60 某アニメ・性加害シーンについて
こんにちは。
今回もまた、のんびり参りましょう~。
今回はこれ。やっぱり某SNSで燃えてしまった某アニメと、それをとりまく人たちに関する考察となっております。よろしかったらお付き合いくださいませ。
最初にこの話題を目にしたのは、とある人がとあるアニメの一場面の動画をSNSにあげていたことがきっかけでした。
あいや、ここで先に断っておきますが、他人の創作物、マンガでもアニメでも、製作者など著作権を持っている人や団体の許可なしにその一部または全部をSNSなどに公開してはならないことになっています。著作権の侵害になるので、立派な犯罪行為なんですよね……。著作権者によって訴えられたら即負けますので、やめておいたほうが吉です。
SNSではそれをよく知らずに、本当に気軽にマンガの一場面やらアニメの一場面を切り取って流す人をよく見るのですが、困ったものです。
さてさて。
そんなわけでともかく、とあるアニメの一場面が切り取られてSNSに流されました。
流したのは恐らく男性でありオタクであろう人。「最初からクライマックス」(?)とか「フェミに燃やされそうw」とかいうコメントが付いていたような記憶がありますが、そこらへんはよく覚えてないです。
それで。
それがそのまま、実際に多くの人によって拡散されてしまいました。多くの「いいね」もつき、ブックマークも非常に多くされていたようです。
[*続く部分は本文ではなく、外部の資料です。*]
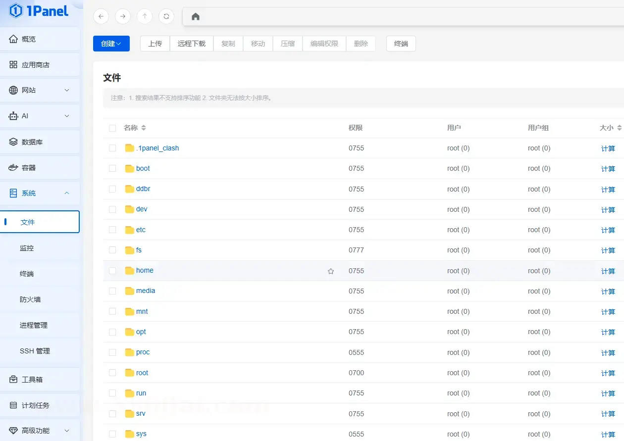 ✅ 高级文件管理:可视化的系统根目录管理,支持在线编辑、权限修改、上传下载。

そしてこれが、元のコメントを流した人の予想通りにというか、燃えてしまったわけです。
もと作品についてはいわゆる「なろう小説」が原作のファンタジーアニメとのことで、本来はもう1年以上前に、深夜帯に地上波で放送されたものだったそうです。
ここでは敢えてタイトルは載せませんが、こちら作品には冒頭で美少女たちが暴漢に襲われてレイプされかける……という場面があるのです。流されたのはその部分を切り取ったものでした。
言葉で説明するのは難しいのですが、なんというか……女性や過去に性犯罪に遭ったことのある人が見ればぞっとするような表現であるのと同時に、観る人(多くは男性を想定されていると思われる)がセクシーな場面として、あくまでも「エンタメ」として楽しむために制作された、と理解できる表現でした。
その証拠になるのかどうかわかりませんが、SNSでの男性たちの反応は「エロい」とか「(自慰行為のスラング)できるww」といったもののオンパレード。
要するに、AVでよくあるレイプものを消費するのと同じような反応というのか。
このアニメは、一応深夜に放送されたとはいえ全年齢向けであり、地上波で放送されたものでした。
個人的には、一応深夜帯である……ということで、ギリギリ「ゾーニングされている」と理解できないことはない、という立場ですし、「すべての創作物からレイプシーンを取り除け!」みたいなことも言うつもりはない。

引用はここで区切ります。